[Data items]
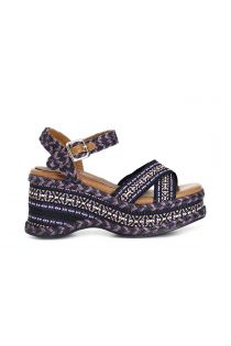 Sandals with ethnic cross. wrapped wedge always in ethnic fabric. the comfortable genuine leather insole makes the shoe comfortable even after several hours of use. the heel is 8 cm high while the plateau is 4 cm.
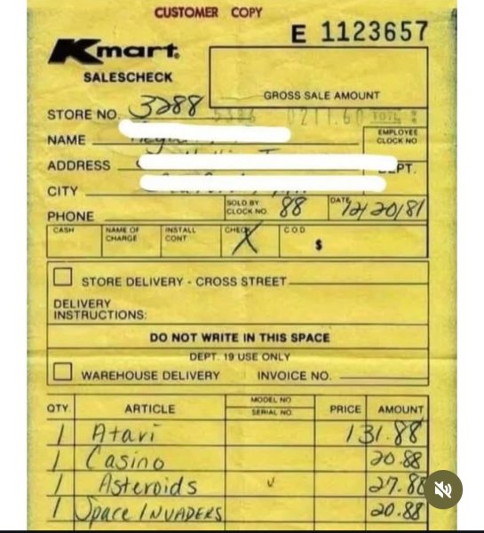 And kids these days complain about the price of video games.
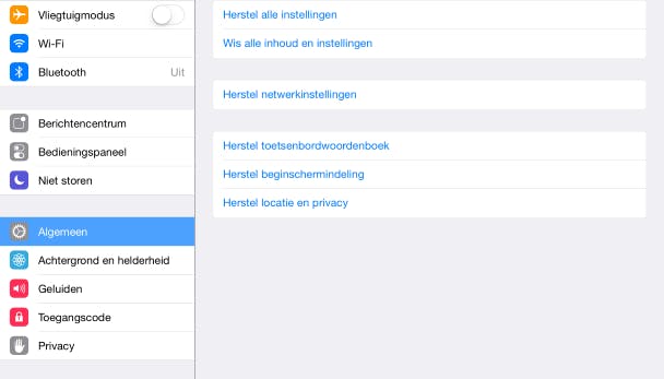 Is de iPad die je voor kinderen geschikt wilt maken eerder door volwassenen in gebruik geweest? Dan is het verstandig om het apparaat eerst even op te schonen. Haal alle overtollige apps eraf, verwijder foto's en films van het apparaat, haal de accounts van e-mail, Berichten, FaceTime, Twitter, Facebook, iCloud eruit, en noem maar op. Dat is nog best veel werk. Wil je met een schone lei beginnen, dan is het sneller als je de iPad even reset. Lees ook: 12 keer een nieuw leven voor je oude iPad.
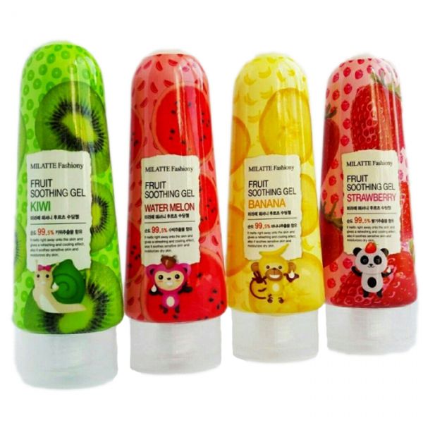 Гель для тела Fashiony Fruit Soothing Gel от бренда Milatte многофункционален в применении и подходит для ежедневного применения на всём теле. Его можно использовать как увлажняющий крем для лица, а также как базу под макияж. Не менее полезен будет гель в качестве успокаивающего средства после длительного пребывания на солнце, депиляции и укусов насекомых.
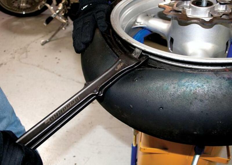 Breaks the tire bead on most street and off road motorcycles and ATVs, integrated tire spoons for tire removal and installation.
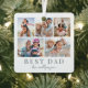 Ornamento de Navidad de la Plaza del Mejor Papá Personalizado. Este sencillo y elegante adorno cuadrado es una manera sincera de celebrar a papá durante la temporada navideña. El diseño incluye espacio para cinco fotos personales, con "Mejor papá" desplegado debajo de una fuente clásica serif. Debajo de eso, puedes agregar "Amor, los nombres de los niños" en escritura suave —o usar este espacio para una segunda línea personalizado de tu elección. El fondo blanco y el gris suave le dan un toque atemporal y refinado, perfecto para cualquier árbol de Navidad. Personalizable completo, puede cambiar el texto, los tipos de letra, los colores y las fotos para hacerlo único suyo. Un conservador significativo y un dulce regalo de vacaciones que le recuerda a papá lo mucho que se aprecia cada vez que lo ve.
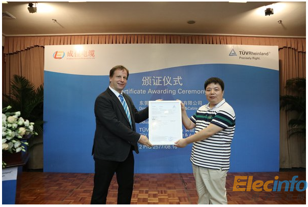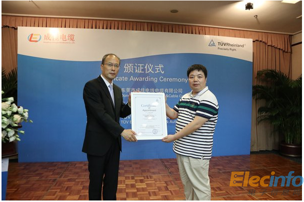 TUV萊茵首張機器人電纜認證證書花落成佳電纜
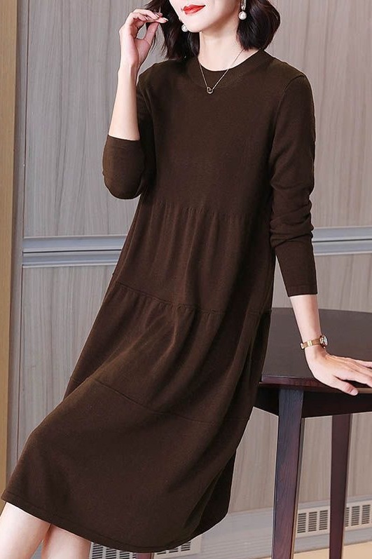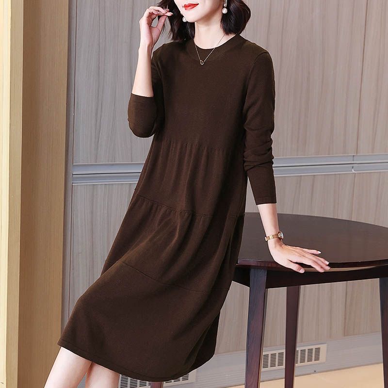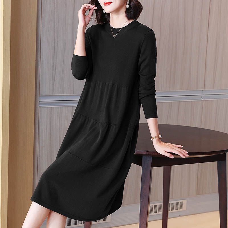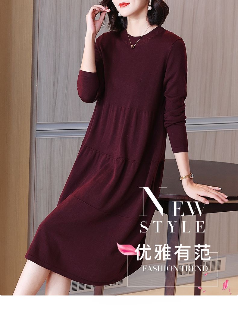 MY14399# 针织连衣裙女大码高端洋气胖mm长袖针织裙女裝貨源服裝批發
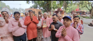 Mau. Ghosi. Ahead of the auspicious occasion of the 1.25 lakh Hanuman Chalisa recitation, to be held on December 14, 2025, under the aegis of the Hanuman Kripa Seva Samiti, committee members visited the city's major temples today to offer invitation cards and receive blessings. Under the leadership of the committee's leader and pillar, Chandrashekhar Agarwal "Chandu Chacha," the invitation cards were first presented at the feet of Siddhivinayak Shri Ganesh Ji Maharaj. Following this, the committee members visited the Sheetla Mai Temple and offered the invitation cards at the Mai's feet and received blessings. Finally, all members reached the court of Maruti Nandan Hanuman Ji, where a special prayer was offered by reciting the Hanuman Chalisa collectively for the success of the 1.25 lakh Hanuman Chalisa recitation. The Sheetla Mai Dham Parishad echoed with cheers. On this occasion, Sheetla Mata Dham President Sanjay Verma, committee members Ravi Baranwal, Arun Verma, Dr. S. Lal, Arun Gupta, Kailash Jaiswal, Ved Narayan Mishra, Anand Gupta, and others were all present with full devotion and enthusiasm. At the end, Sanjay Verma made us sit in the meeting hall and served us light refreshments and the head of the committee, Chandu Chacha, discussed the preparation of the outline of the programme.
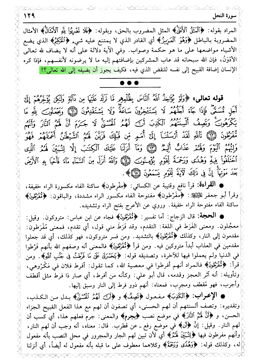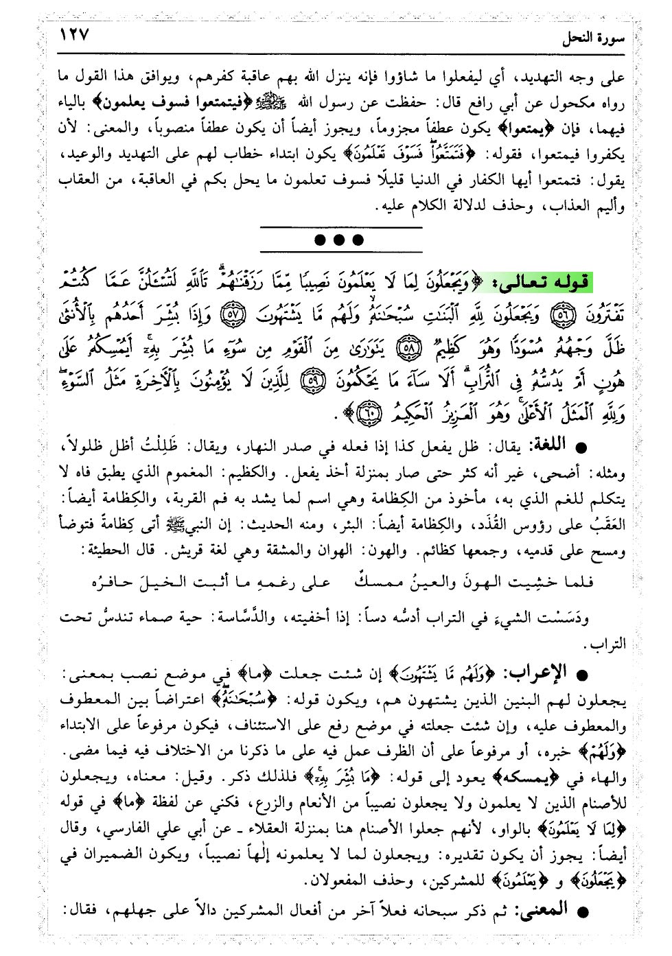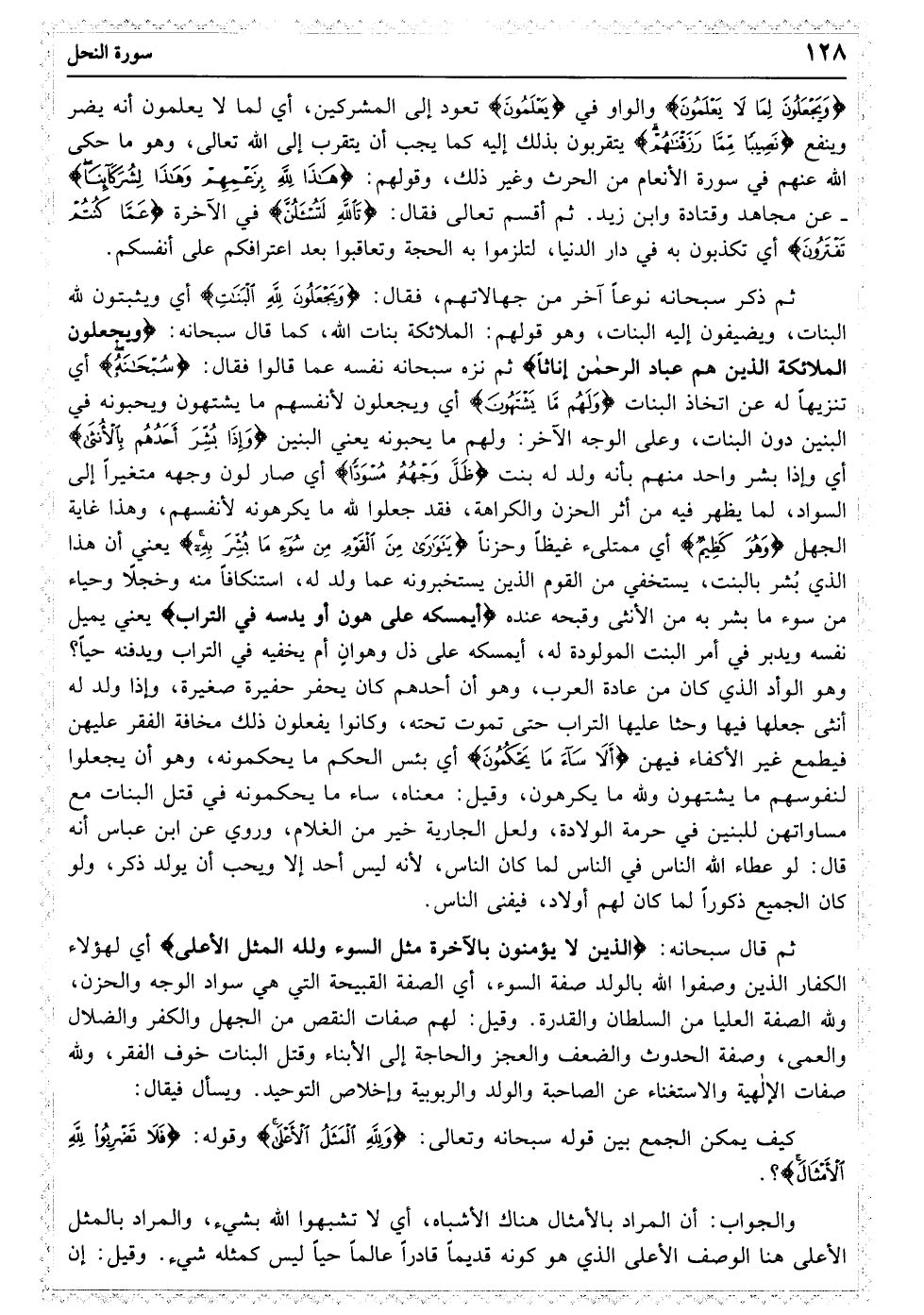 وَیَجْعَلُونَ لِمَا لا یَعْلَمُونَ نَصِیبًا مِمَّا رَزَقْنَاهُمْ تَاللَّهِ لَتُسْأَلُنَّ عَمَّا کُنْتُمْ تَفْتَرُونَ﴿۵۶﴾ وَیَجْعَلُونَ لِلَّهِ الْبَنَاتِ سُبْحَانَهُ وَلَهُمْ مَا یَشْتَهُونَ﴿۵۷﴾ وَإِذَا بُشِّرَ أَحَدُهُمْ بِالأنْثَی ظَلَّ وَجْهُهُ مُسْوَدًّا وَهُوَ کَظِیمٌ﴿۵۸﴾ یَتَوَارَی مِنَ الْقَوْمِ مِنْ سُوءِ مَا بُشِّرَ بِهِ أَیُمْسِکُهُ عَلَی هُونٍ أَمْ یَدُسُّهُ فِی التُّرَابِ أَلا سَاءَ مَا یَحْکُمُونَ﴿۵۹﴾ لِلَّذِینَ لا یُؤْمِنُونَ بِالآخِرَةِ مَثَلُ السَّوْءِ وَلِلَّهِ الْمَثَلُ الأعْلَی وَهُوَ الْعَزِیزُ الْحَکِیمُ﴿۶۰﴾

#### [Exercise directions]
Reproduce the lines above beginning at the line that contains "Breaks the tire" and ending at the line that contains "MY14399# 针织连衣裙女大码高端洋气胖mm长袖针织裙女裝貨源服裝批發". No pictures.

#### [Expected answer]
 Breaks the tire bead on most street and off road motorcycles and ATVs, integrated tire spoons for tire removal and installation.
 Ornamento de Navidad de la Plaza del Mejor Papá Personalizado. Este sencillo y elegante adorno cuadrado es una manera sincera de celebrar a papá durante la temporada navideña. El diseño incluye espacio para cinco fotos personales, con "Mejor papá" desplegado debajo de una fuente clásica serif. Debajo de eso, puedes agregar "Amor, los nombres de los niños" en escritura suave —o usar este espacio para una segunda línea personalizado de tu elección. El fondo blanco y el gris suave le dan un toque atemporal y refinado, perfecto para cualquier árbol de Navidad. Personalizable completo, puede cambiar el texto, los tipos de letra, los colores y las fotos para hacerlo único suyo. Un conservador significativo y un dulce regalo de vacaciones que le recuerda a papá lo mucho que se aprecia cada vez que lo ve.
 TUV萊茵首張機器人電纜認證證書花落成佳電纜
 MY14399# 针织连衣裙女大码高端洋气胖mm长袖针织裙女裝貨源服裝批發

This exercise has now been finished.